In [3]:
"""
DAT257x: Reinforcement Learning Explained
Lab 4: Dynamic Programming
Exercise 4.2 Policy Evaluation using in-place method

Policy Evaluation calculates the value function for a policy, given the policy and the full definition 
of the associated Markov Decision Process.  The full definition of an MDP is the set of states,
the set of available actions for each state, the set of rewards, the discount factor, and the state/reward
""" 
# transition function.

import test_dp               
import gridworld_mdp as gw

In [4]:
"""
**Implement the algorithm for Iterative Policy Evaluation using the in-place approach**.
In the in-place approach, one array holds the values being estimated for each state and the same array is used
for estimates of states needed by the algorithm.

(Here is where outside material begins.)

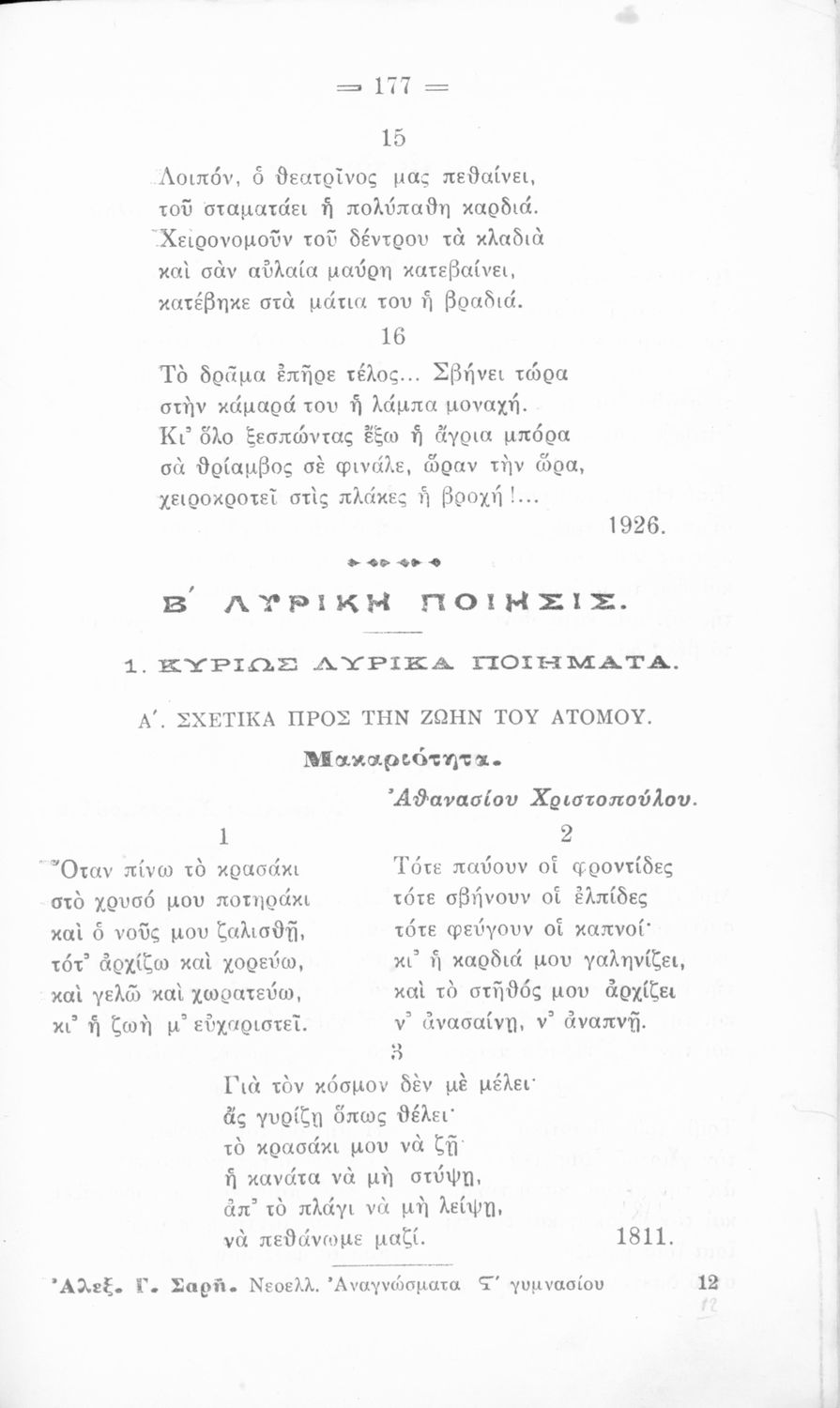 Νεοελληνικά αναγνώσματα δια τους μαθητάς της 6ης τάξεως των Γυμνασίων και λυκείων

A empty function **policy_eval_in_place** is provided below; implement the body of the function to correctly
calculate the value of the policy using the 2 array approach. The function defines 5 parameters - a definition
of each parameter is given in the comment block for the function. For sample parameter values, see the calling code
in the cell following the function.

This function uses the two-array approach to evaluate the specified policy for the specified MDP:

'state_count' is the total number of states in the MDP. States are represented as 0-relative numbers.
'gamma' is the MDP discount factor for rewards.
'theta' is the small number threshold to signal convergence of the value function (see Iterative Policy Evaluation algorithm).
'get_policy' is the stochastic policy function - it takes a state parameter and returns list of tuples, 
    where each tuple is of the form: (action, probability).  It represents the policy being evaluated.
'get_transitions' is the state/reward transiton function.  It accepts two parameters, state and action, and returns
    a list of tuples, where each tuple is of the form: (next_state, reward, probabiliity).  
    
"""

def policy_eval_in_place(state_count, gamma, theta, get_policy, get_transitions):
    V = state_count*[0]

    while True:
        delta = 0
        for s in range(state_count):
            v = V[s]
            a = 0
            for action, action_prob in get_policy(s):
                transitions = get_transitions(state=s, action=action)
                for (trans) in transitions:
                    next_state, reward, probability = trans    # unpack tuple
                    a += action_prob * probability * (reward + gamma * V[next_state])    
            V[s] = a    
            delta = max(delta, abs(v - V[s]))
        if (delta < theta): break
    return V

In [5]:
# First, test our function using the MDP defined by gw.* functions.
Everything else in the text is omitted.